Oakland, CA  November 28, 2001  Ocean carrier APL unveiled a new electronic process that the company says will eliminate the need for paper bills-of-lading and reduce costs for international trading partners.

Using the new process, exporters will be able to automatically transmit encrypted negotiable bills-of-lading (BLs) via the Internet directly to multiple third-party providers, such as forwarders, consignees and the customer's own bank, according to APL, which is the global container-transportation unit of Singapore-based NOL Group.

APL has offered remote printing capabilities for BLs since 1996, but the company says the new process is the first product that allows electronic documentation from the beginning of the process through to the bank.

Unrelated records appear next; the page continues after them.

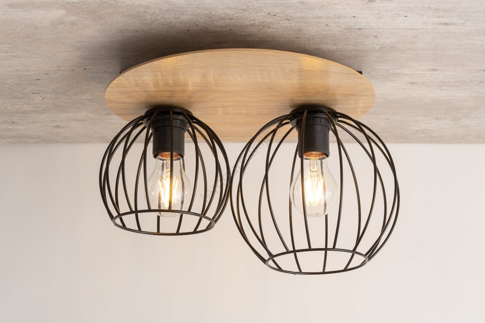 Ant pagrindo montuojamas sietynas CYBER 2xE27/60W/230V medis/juodas | Lempumanija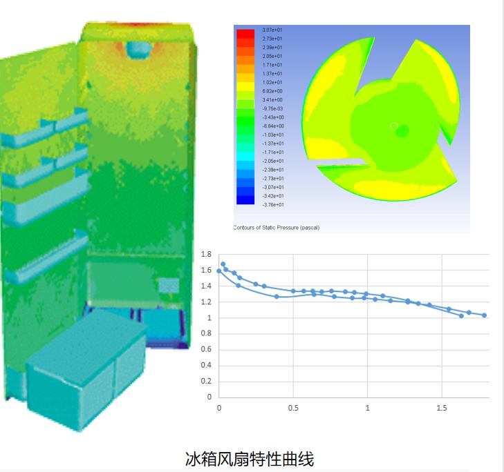· 冰箱風扇性能分析 以冰箱為研究對象,使用軟件ANSYS Fluent,分析了冰箱的溫度分布情況,同時對風扇的結構及參數進行了優化分析,獲得了達到冰箱溫度指標的最優風扇行性能參數。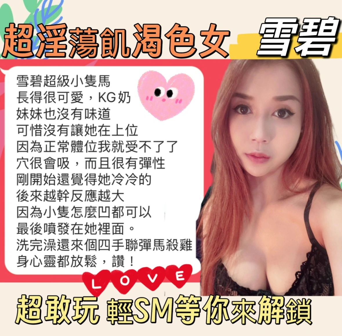 加價項目 : 2S+500,口爆+500,口爆吞精1000,顏射+500,無套內射+1000,自衛秀+500,情趣用品+500,清槍+500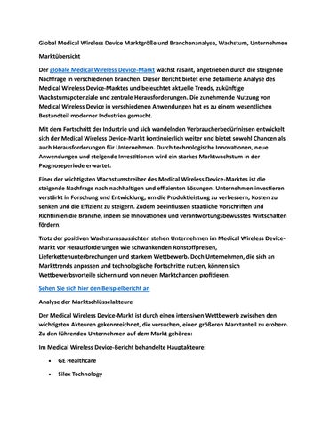 Global Medical Wireless Device Marktgröße und Branchenanalyse, Wachstum, Unternehmen
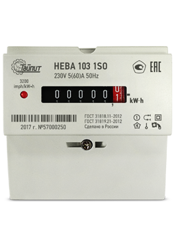 Счетчик э/энергии 1-фаз. 5-60А к.т.1.0, 1-тар. электр. на ДИН-рейку, корпус 2017 г НЕВА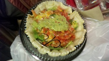 My mom hooked me up with a Moe’s gift card for my birthday, and I swung by on Wednesday night before heading out to teach a drum lesson. I knew a Homewrecker burrito would be too much for a non-training day, and I was a little lost. I’m not sure were the final decision came from, but I decided that to get a salad bowl with lettuce, pinto beans, salsa, chicken, cheese, and lots of guacamole. 15 minutes later:

"This capability, known as E-BL Print, triggers speedier documentation and financial settlements," said Cindy Stoddard, APL's chief information officer. "By taking days out of the traditional, time-consuming document preparation, review and settlement process, the exporter gets paid faster."

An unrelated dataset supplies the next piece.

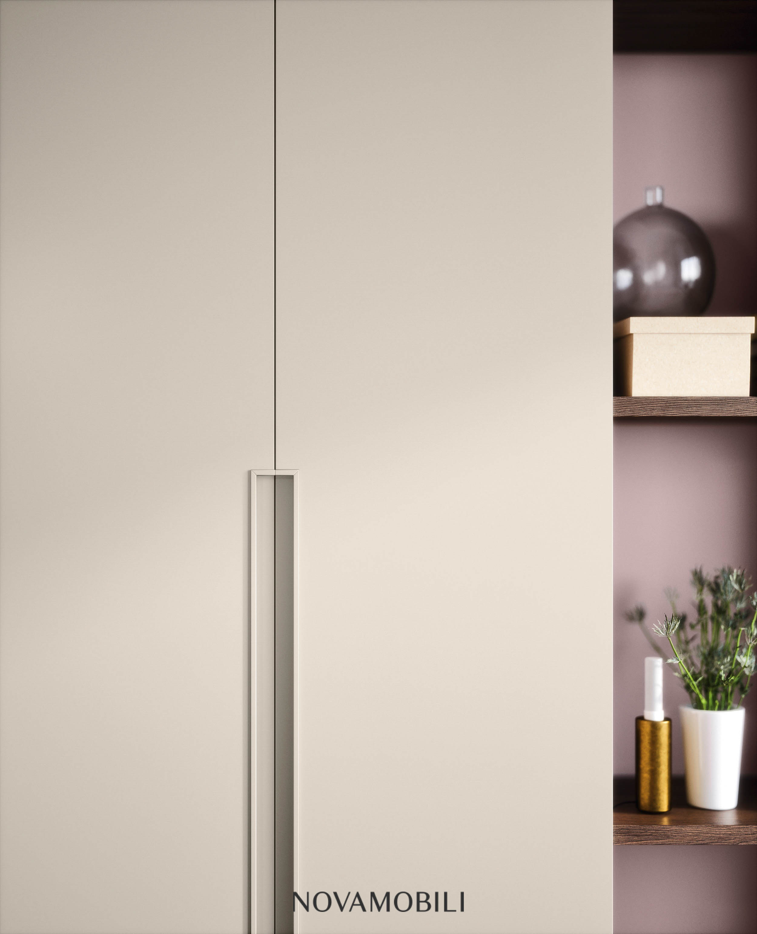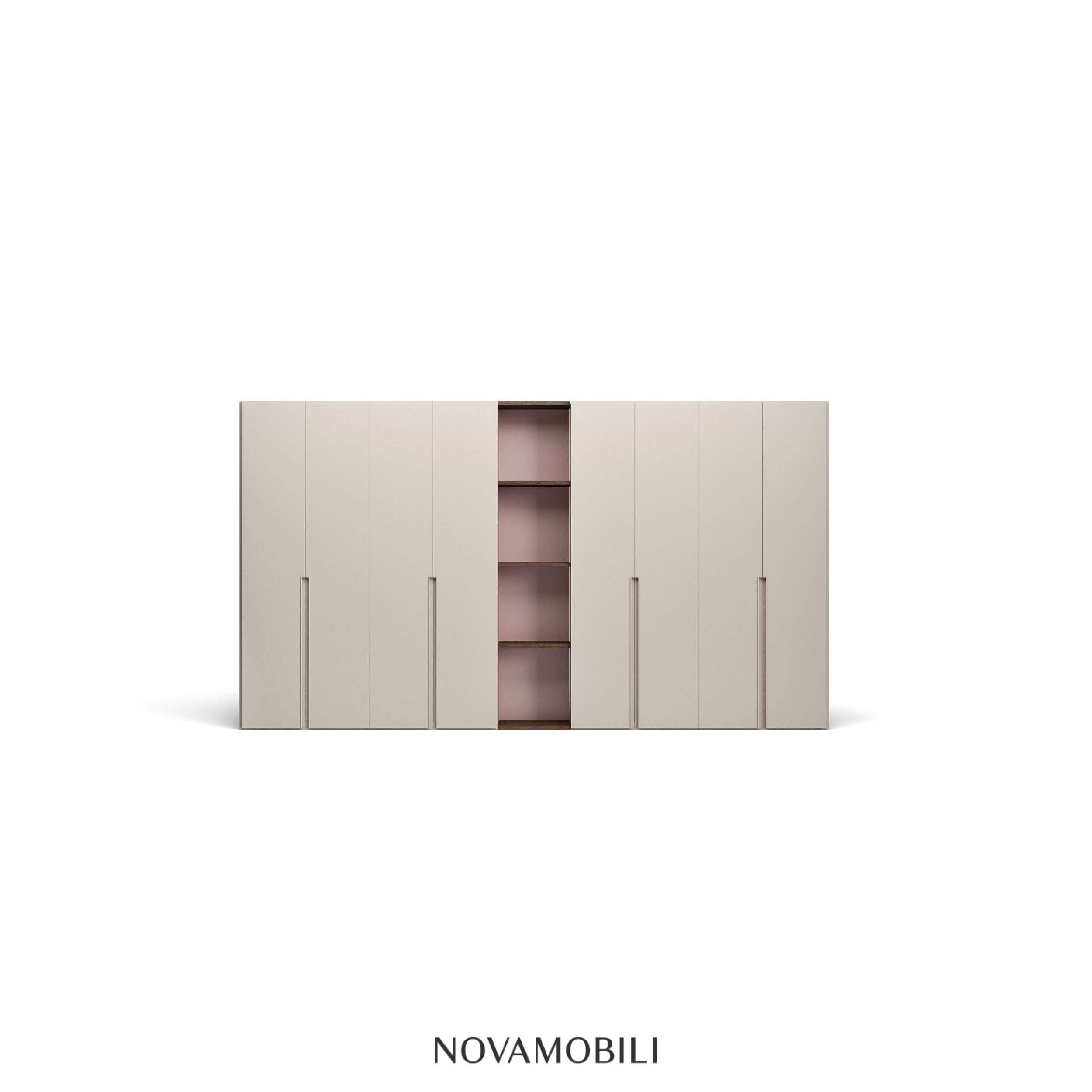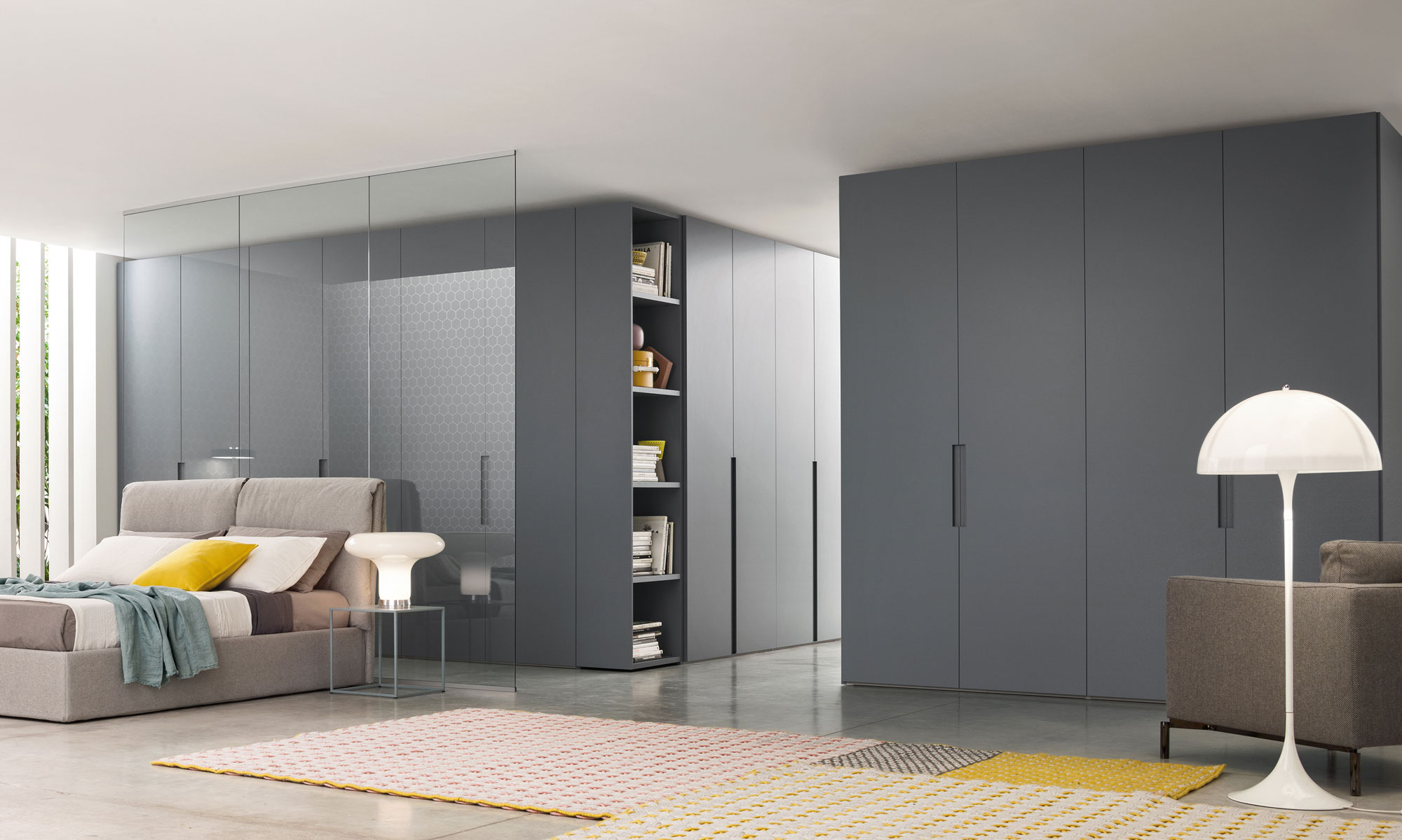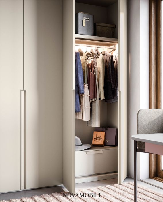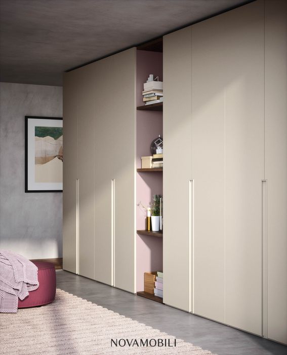 With its handle recessed into the side of the door, the Unika hinged door wardrobe stands out from the other hinged door models and injects personality for a distinctive look. Available in two sizes – running all the way to the floor or shorter – the handle can be customized in any of the matt lacquered colors, to match or contrast with the door. Suitable also for a corridor, it features a bookcase end unit and can be recessed or set against a wall.

Under the E-BL Print process, all parties specified in the customer's personalized profile will receive secure shipping documents electronically. "Reviewing or printing them is as easy as opening an e-mail attachment," said APL's vice president of e-commerce, Phillip Chin. "Moreover, the exporter retains complete control over who can print the document and even how many copies can be viewed or printed. This is a boon to customers who are concerned about protecting confidential information in e-commerce."

Chin said documents either can be downloaded from APL's Web site or received as e-mail attachments.

A bill of lading attests that the ocean carrier has taken delivery of goods. Banks need to see a signed original of the BL before they will release funds to the seller.

Traditionally the BL process took an average of six days because paper copies had to be relayed back and forth between carrier, forwarder and exporter for review and modification. Since 1996, technology has allowed the document to be remotely printed at the customer's office, saving four or more days and enabling sellers to get paid sooner. But until now an original hard copy of the document still had to be delivered to the bank.

APL says its customers that use APL's suite of BL-related e-commerce products can now save interest expenses for working capital by gaining faster payment, and eliminating courier or overnight delivery charges. E-BL Print allows customers to review and modify documents online and print them directly at the bank, APL said.

California-based Electronics For Imaging (EFI), an encryption and printing technologies provider, developed the new software for APL.

APL says its customers have already expressed interest in the new process. For example, DuPont China Ltd., the Hong Kong office of the DuPont Co., is going to upgrade to the new encrypted E-BL Print service. "This is critical to our product distribution between Asian countries," said Joseph Wong, DuPont's director of sourcing and logistics in Asia Pacific, "because the Internet technology employed by this new service can ensure expedited documentation, financial settlement and, above all, on-time product delivery  one of our commitments to customers."

Atlanta-based PM Global Foods, which ships fresh and frozen beef, poultry, pork and other foodstuffs throughout the world, has been piloting the technology. Michael Hampel, logistics manager for PM Global Foods, said: "We have seen an improvement of at least three to five days in overall document turn-around time, compared to our other ocean carriers. I have also seen a big reduction in our courier and delivery charges."

The new electronic capability is available in Asia, Europe and the Americas in the following countries: Australia, Austria, Belgium, Canada, Denmark, France, Germany, Guatemala, Hong Kong, Ireland, Italy, Japan, Korea, Malaysia, Mexico, the Netherlands, the People's Republic of China, the Philippines, Scotland, Singapore, Sweden, Switzerland, Taiwan, Thailand, the United Kingdom, and the United States.